第4章(2/2)
一个玻璃杯猛地摔在他脚边,碎片甚至溅到了陈彦安的校裤上,地上残留着一滩水迹。
关上了自己的房门,陈彦安随手把书包扔在了地上,整个人扑倒在床上,用枕头盖住了脑袋,但他仍然能听见一墙之隔的屋外父母的声音。
“你又犯病了是不是,孩子回来了你还闹!”
“是我神经病,你撒谎的时候怎么没想着孩子?加班?你他妈加到赌桌上去了!”
陈彦安的太阳穴突突直跳,他闭了闭把自己憋死之前重新坐了起来,伸手捂住了脸,又平平的躺了下去。
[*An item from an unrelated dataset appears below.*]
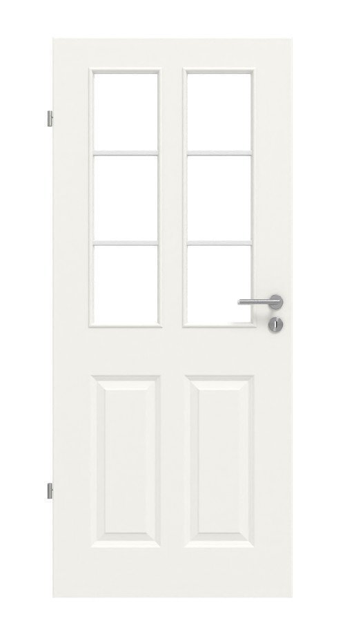Białe lakierowane skrzydło drzwiowe, dostępne w kolorze RAL 9010 lub RAL 9016, dzięki profilowaniu zyskuje klasyczny i elegancki charakter. Dzięki przeszkleniom do Twojego domu wpada dużo światła.

过了一会儿,陈彦安卧室的门被推开,母亲张慧安见他躺在床上皱了皱眉:“衣服多脏,怎么一回来就躺着,出来吃饭。”
陈彦安没做声,迟缓的从床上爬了起来。
陈彦安的父亲是国企工程师,母亲则是一位恪尽职守的高中语文老师,让这个普通的家庭闪了点金光的人是陈彦安的外公——张丰华。
老爷子过去在东北讨生活,后来入伍当了兵,实打实扛着真枪实弹上过战场的,吃过不少苦,也因此舍不得让自家孙子受一点委屈,说陈彦安从小是被宠大的并不为过。更不要说之后老爷子瞄准机会,涉足煤矿,从一个退伍军人转行成为一个商人,让陈彦安含着金勺子安稳长大。
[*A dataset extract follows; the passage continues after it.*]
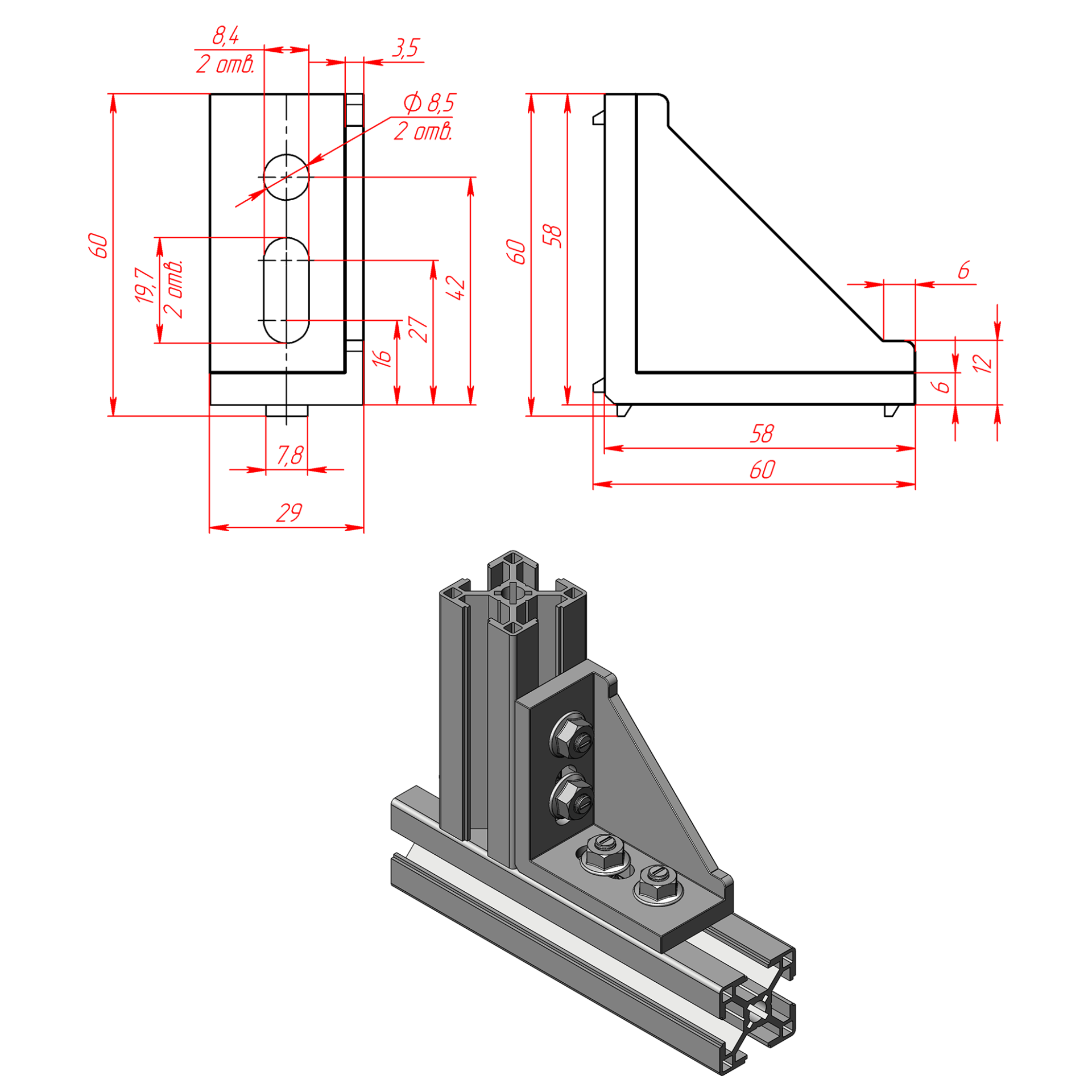 8104s | Стальной угловой соединитель 60х30 мм усиленный

H市只是个小城市,90年代,陈彦安三岁那年家里就有了电脑,别人都还在外边玩工地上的沙子泥巴,陈彦安已经拿着遥控器指挥遥控车到处跑了。
等陈彦安上了小学,陈妈妈张慧安总是千叮咛万嘱咐不要在地上玩,衣服弄脏了不好洗之类种种,也不怪她,那时候陈彦安班上的孩子们穿的都是批发市场里几十块钱一件的衣服,陈彦安已经被张丰华带着进了百货商场,穿的戴的用的,哪一样不是好几百上千。
而等陈彦安放了学,别人家的小孩都是自己约着几个玩伴走回家,小区里的学校到家里也没有几步路,可陈彦安呢,那时候就有给张丰华打工跑腿的小司机开着吉普在校门口等着把小陈彦安接回家。
这个世界上,金钱是永远的老大,有了钱就有了权力,而权力则能指向更多的金钱。
在某种意义上,张丰华亲手为陈彦安打造了一个坚固的堡垒,堡垒里的世界很美好,也足够庞大,并且阻绝了一切危险和阴暗。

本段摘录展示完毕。